The 22-year-old Rengifo has some longer-term upside, but he was rushed up after fewer than 400 high-minors AB, and may not yet be ready for prime-time, as suggested by a .685 OPS over 357 AB with the Angels. Almost moved to the Dodgers in the Joc Pederson fiasco, Rengifo now looks Triple-A bound for more development barring an injury or another trade before Opening Day—but could be rosterable by mid-season. Fletcher's defensive versatility/excellence makes him a valuable utility player on a seemingly injury-susceptible club that has too often needed this kind of help recently. Courtesy of his .880 OPS vR, the left-handed-hitting La Stella has also been discussed this spring as an occasional 1B platoon partner with Albert Pujols (.686 OPS vR in 2019). Regardless of how this all pans out, expect the early 2B AB to be handled by some combination of La Stella and Fletcher, with both also getting opportunities elsewhere as needed. 

 

Houston Astros

Sign-stealing scandal notwithstanding, the starting lineup remains the most rock-solid in the division—and without any budding playing time battles at 2B. The one position player battle that likely begins now is in right-field, where 33-year-old incumbent Josh Reddick (OF, HOU) will attempt to fend off Kyle Tucker (OF, HOU). Reddick's power has faded badly over the past four seasons to a subpar level, as seen in 14 HR over 501 AB (63/57 PX/xPX). An (albeit soft) 87% ct% and notable improvement vL has enabled Reddick to maintain a plus BA, which along with good RF defense has kept him in playing time. But a July/August swoon left Reddick on the brink of losing AB to Tucker before a H%-fueled .339 BA in September saved him. Now in his final contract year, Reddick has experience on his side, but may not have as much rope as he did in 2020.

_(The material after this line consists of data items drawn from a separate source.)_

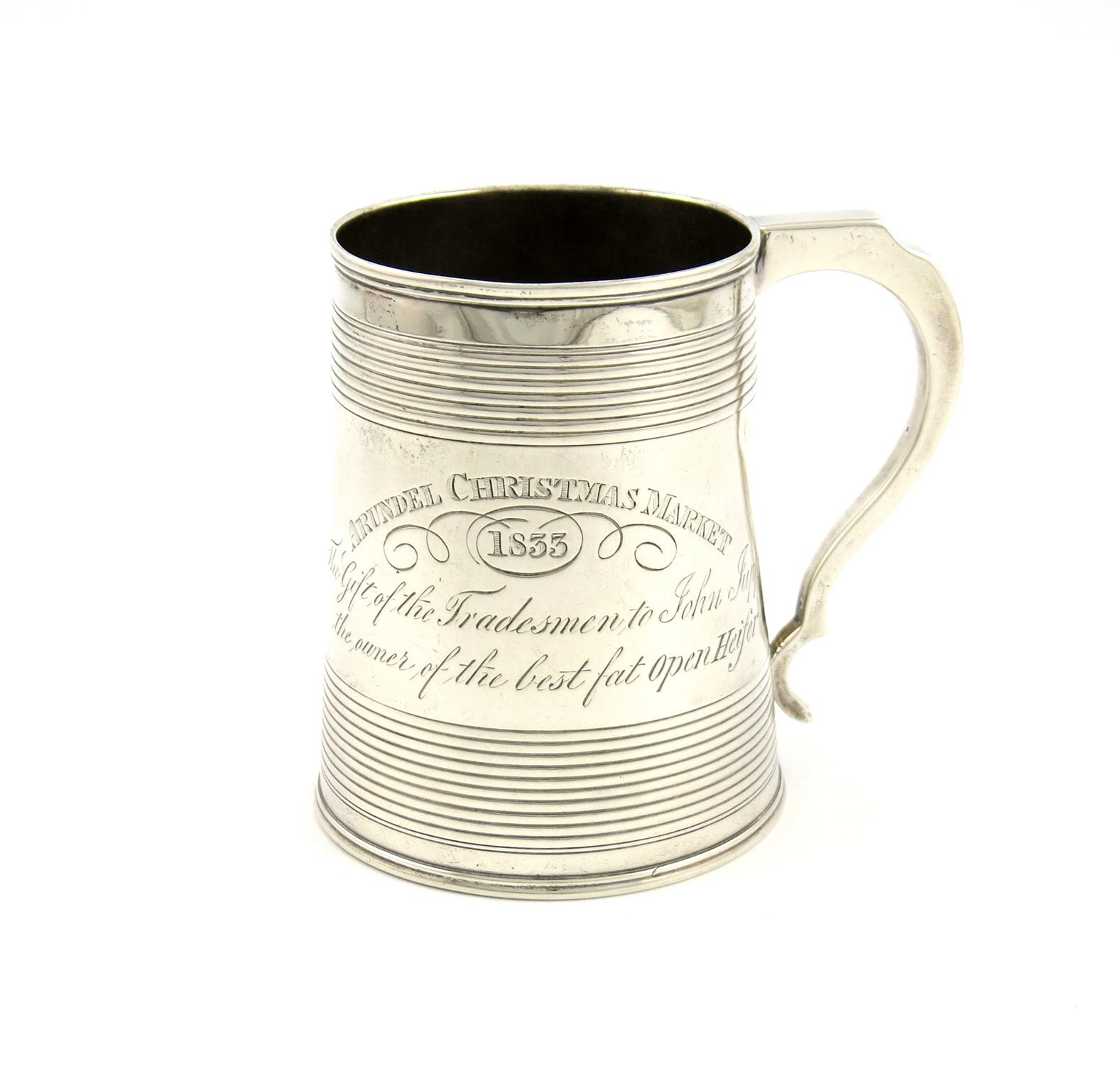 tapering circular form, scroll handle, with an upper and lower band of reeded decoration, engraved with the crest of a bird and inscribed 'Arundel Christmas Market, 1833, The Gift of the Tradesmen to John Jupp, the Owner of the Best Fat Open Heifer', height 11cm, approx. weight 8.3oz.
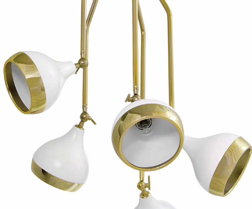 Потолочный светильник (люстра) Hanna от компании Delightfull (Португалия), созданный специально для гостиных комнат, отличается ярким винтажным стилем. Его основание изготовлено из меди и покрыто позолотой. Алюминиевые плафоны, изготовленные при помощи стариной техники давильной обработки металла, крепятся к медным направляющим при помощи шарнира, который позволяет изменять угол их наклона. Конструкция люстры Hanna предусматривает возможность изменения количества направляющих и плафонов (от 3 до 5). В дополнение к люстре на нашем сайте Вы также можете найти напольный светильник (торшер) Hanna. Люстра Hanna, как и другие светильники Delightfull, собирается вручную из материалов и комплектующих самого высокого качества и доступна в разных цветах и вариантах отделки.
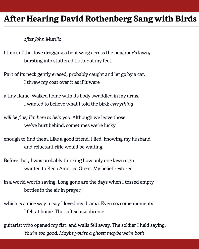 Thank you so much to Jeremy Schraffenberger and the editorial team at The North America Review for publishing my new poem, "After Hearing David Rothenberg Sang with Birds." The team has supported me so much over the years, and several of the poems from PULSE originally appeared in their esteemed pages.
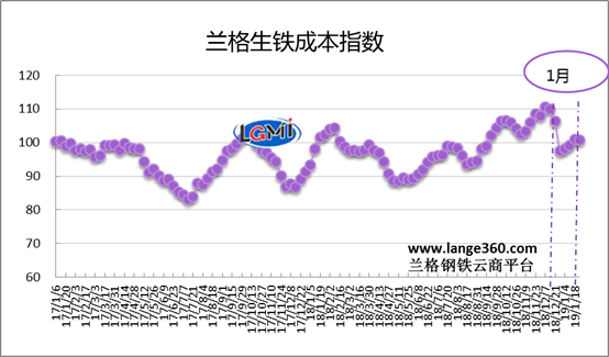 從圖1蘭格生鐵成本指數(shù)走勢(shì)圖可以看出,2019年1月份的生鐵成本指數(shù)呈低位回升走勢(shì),由月初的98.1點(diǎn)震蕩升至月末的100.7點(diǎn),均值較上月下降6.4%。
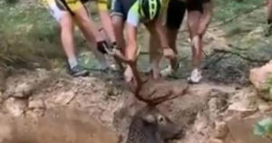 Un ciervo que estaba a punto de morir atrapado en una zona que terminó inundada en la localidad de Huéscar, en Granada, España, logró sobrevivir gracias a la ayuda de un grupo de ciclistas que unieron sus esfuerzos para rescatarlo.

Tucker is an altogether different animal. A 70%-ish ct% keeps the BA and consistency in question now as Tucker ascends to HOU, as seen in a .266 BA at AAA-Round Rock that included a couple of sub-.200 months. But Tucker's plus secondary skills produced a 30/30 (just 5 CS) season that carried over to a September call-up, in which he hit .269 with 4 HR and 5 SB for the Astros over 67 AB. Following two Triple-A seasons, Tucker's late-2019 showing sets the stage for what projects as a season-long battle to take AB from Reddick, in which injuries along with their relative performances will be in play. And it begins now.